Thursday 27 February 2014

The one beyond help...

It's gotten to that stage where I don't even know how to describe how I'm feeling anymore. My moods are so up and down I go from being in a state of calmness, like I am right at this second, to 10 seconds later being upset, 10 seconds later - low, 10 seconds - angry, 10 seconds - scared. I think you get the idea. I just never know what to think of myself anymore. But all I know is that I am not right. I am not normal. I am no where near able to consider myself like everyone else. I am a mess. And that's being kind to myself. My god was I seriously... complimentary.. of myself! 

But today I've realised a lot of things. No matter how much I tell myself that I'm trying to improve. That I'm slowly and surely getting better. That my mind is becoming more stable and my moods improving. Plus my body getting healthier too. I now know this is all one big lie. I'm lying to myself. I'm not getting better. If anything I fear that I'm going backwards. In fact I know I am. I'm becoming more ill. More ill in the head. I lack any control and the things I love are hurting me. I now fear the things I love. I now fear to be who I used to be. I am not normal. The worrying thing is. I don't know if I want to be either. 

Now you may say there is nothing wrong with wanting to be an individual. But I am obsessed. And from things I'm obsessed with I now know I'm not alone. But these are the same things that are making me worse. I almost want to be worse than them. Yet at the same time better. How does this work? I guess the truth is I don't even know what I want anymore and I'm not sure if I care either. In fact the way I'm going, I don't think it will matter anyway. I'm not going to get better. Deep down I know that's the truth. It's because I know in all honesty I don't want to get better. I like the fact I'm slowly declining as it gives me a reason to accept why I'm a failure. 
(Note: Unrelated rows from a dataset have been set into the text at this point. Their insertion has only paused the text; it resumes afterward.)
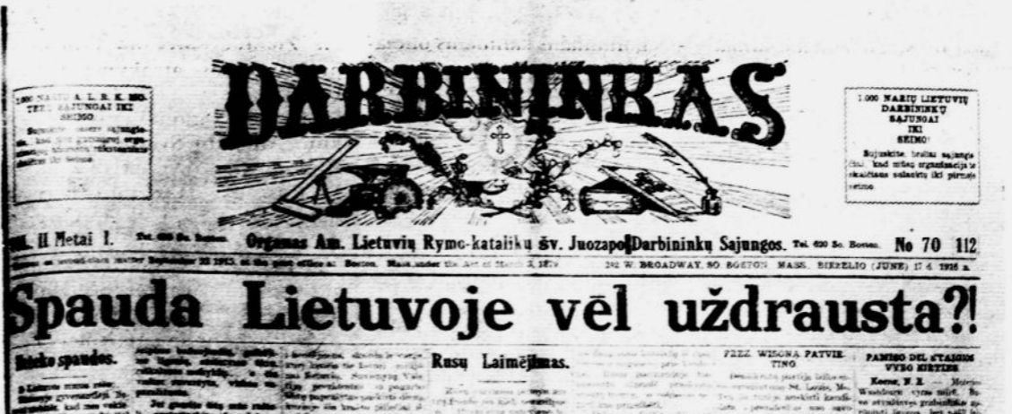
Darbininko laikraščio pirmo puslapio vinjetė iš 1916 metų birželio 17 d. Tai buvo I-mojo pasaulinio karo metai. Apie tai rašoma daug pirmame puslapyje.

Netrukus pasirodė, kad seimas teisingai pramatė lenkų užmačius. Dar tų pačių metų lapkričio mėn. ir 1984 m. vasario mėn. naujos, aktyvios lenkų organizacijos Pomost prašomį Kongreso atstovas Tom Corcoran ir senatorius Robert W. Kasten įnešė į Kongresą rezolucijas, pagal kurias Amerikos Jungti-
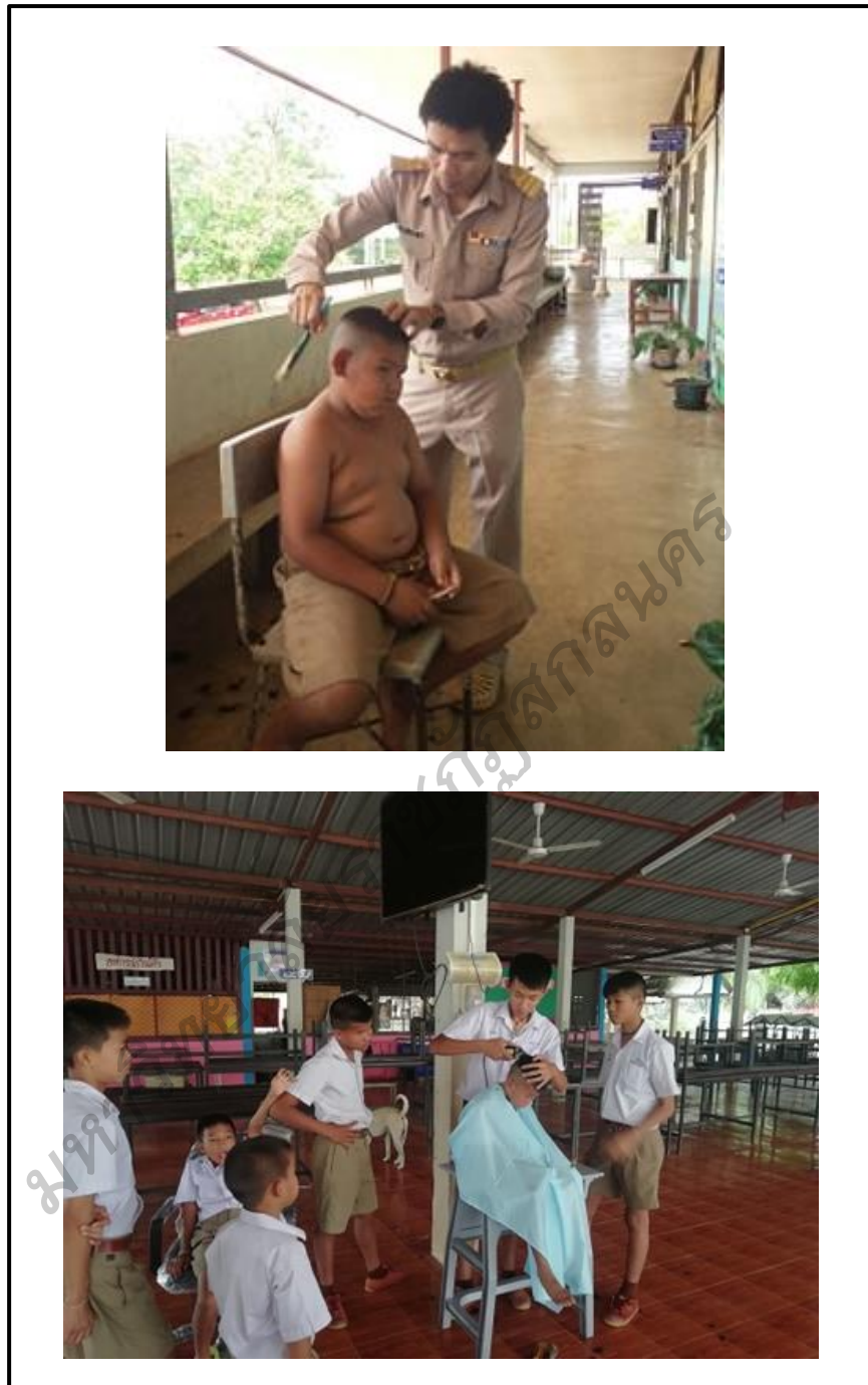
ภาพประกอบ 8 กิจกรรมสอนสอดแทรก เพื่อพัฒนาและให้นักเรียน มีระเบียบวินัยรู้จักตนเองและทำตนให้เป็นประโยชน์ต่อ ส่วนรวม
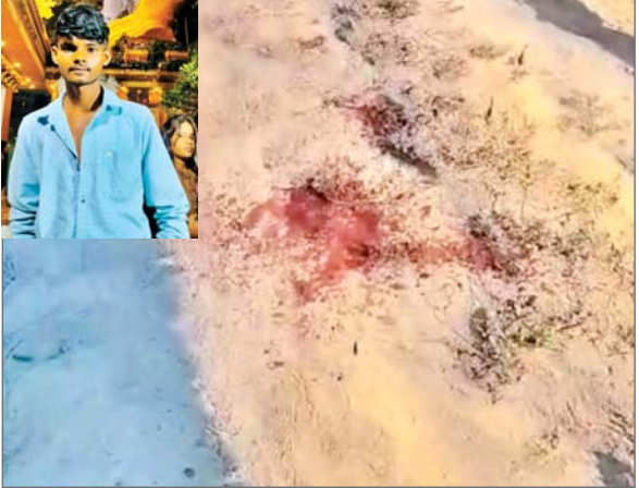
घटना स्थल का फोटो, इनसेट में मृतक की फाइल फोटो
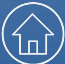
98.93 m 2
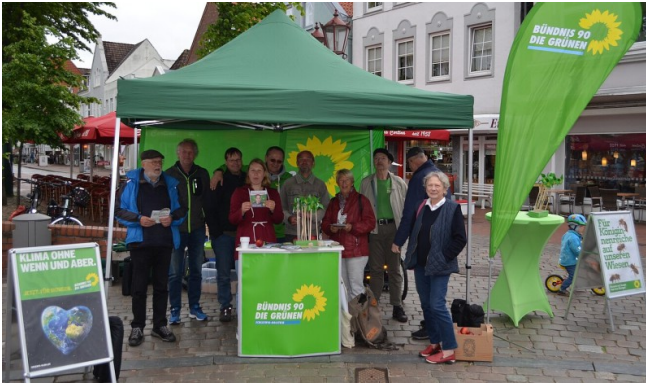
Unser Stand am Böttcher-Rondell zur Europawahl 2019

2019 war das Interesse an unserem Stand groß. Nicht nur, dass wir viele gute Gespräche führten, es waren auch viele Grüne vor Ort. Hoffen wir,
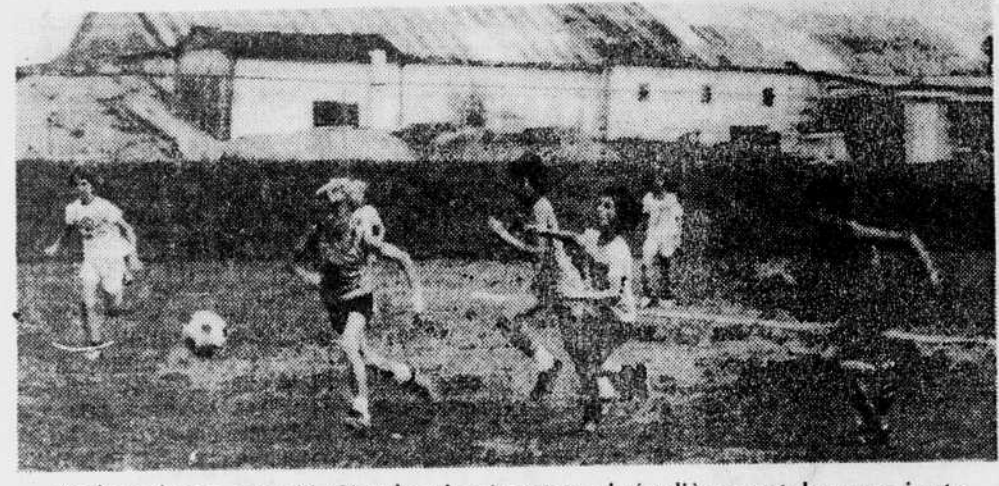
"Fais mois une passe"! C'est le cri qu'on entend régulièrement dans une joute de soccer. Plus de 400 jeunes de la Cité de Thetford Mines sont des adeptes de ce beau sport.

tionné par le Service des Loisirs de Thetford Mines, mais pour cette année, le gouvernement fédéral, par l'entremise des Perspectives-Jeunesse, donne une sérieuse aide. Notre but premier est de recruter des jeunes et surtout de les faire évoluer dans l'exercice de ce sport", de dire M. Dupuis.
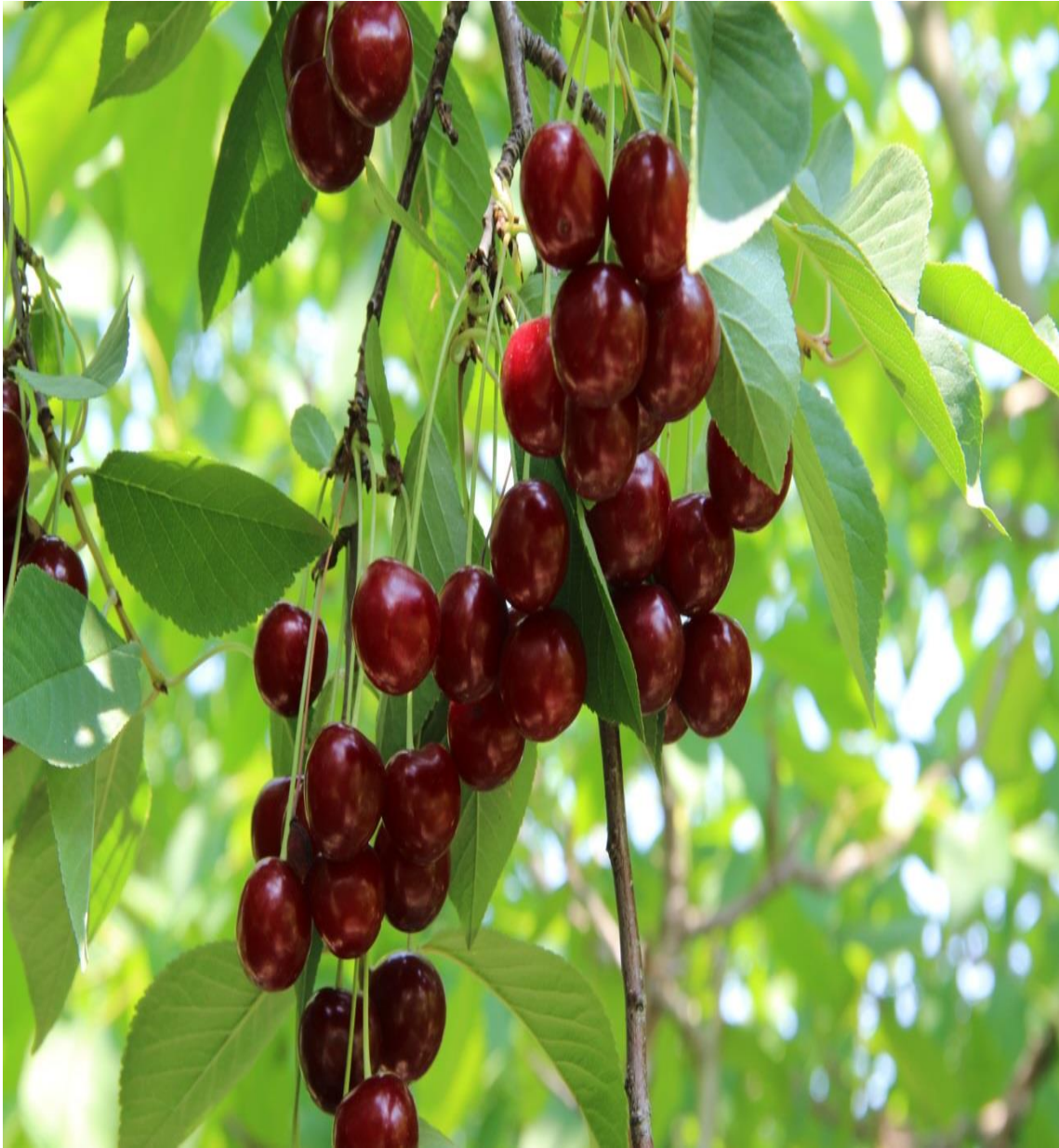
Resim 4.64 Prunus cerasus L. (Vişne)
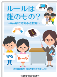
小学生向け冊子教材
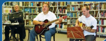
„Zene füleimnek” ...
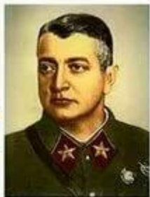
ТУХАЧЕВСКИЙ Михаил Николаевич
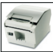
Bündig abschließende Kanten für neues spritzwassergeschütztes es Design
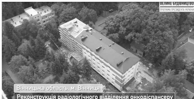
Вінницька область, м. Вінниця Реконструкція радіологічного відділення онкодиспансеру

Everyone says to me that when I'm better my whole attitude will change. Everyone says as soon as my moods balance out, my body returns to health, that in myself I will be happier. Have a more positive outlook at life and maybe will achieve what I truly want. But thinking about it, why should I? Why should I make myself happy? I don't deserve it. And what's to say even if my 'mind' magically does improve to 'normal' that I will actually be happier and not a failure. Maybe the only true way for me to achieve anything is to change what I want to achieve. And I know that the one thing I'm good at is being miserable, upset, low, and obsessive. So why not specialize in that? But of course this doesn't make me happy either. The opposite in fact.

I feel I'm not even making sense. But I think that's because I don't even make sense to myself. I have no control over my life anymore. I am being controlled. By a force that is twisted and telling me that I'm a mess. My mind is one big blur and a constant state of confusion. I know what I should do to really help myself but I refuse to allow myself that help. I don't deserve help and maybe I like not being helped. Maybe I like the sense of constantly being a let down. At least if I'm disappointed in myself it makes it all the easier for other people to be disappointed in me too.

I realise this post is extremely negative. I never intended to be so negative. Not this week. I planned for any blog posts this week to be one of my strength and recovery. Seeing as it's National Eating Disorder Awareness week and I wanted to be able to write about how well I've done to overcome such a serious mental illness. But even if I don't see it as bad a mental illness as I had before and see other mental problems being more of the cause, as much as others say it's just an eating problem. I know I'm not well. If I was really well I wouldn't have the sense of self loave in me. I wouldn't be as obsessive with my eating times. I wouldn't love exercise so much that if I don't do it I hate myself to the point I find it hard to eat. Well I don't. Which is all the more problem as I won't let myself eat before I've decided it's the appropriate time. So if I betray this I feel I let myself down and then resent myself. So I guess this is a form of an eating disorder.

So I think we've concluded I'm not sound in the head. I'm not getting any better and if I'm honest I don't want to either. I like being the one that people look at with despair. Otherwise I'd simply fade into the background and have no excuse for being the state and mess I am. So no I'm not recovered and no I have no intentions of dramatically changing. I guess eventually I'll get what's coming to me and will eventually disappear. Which by then I'll be simply known as the girl who refused to be helped.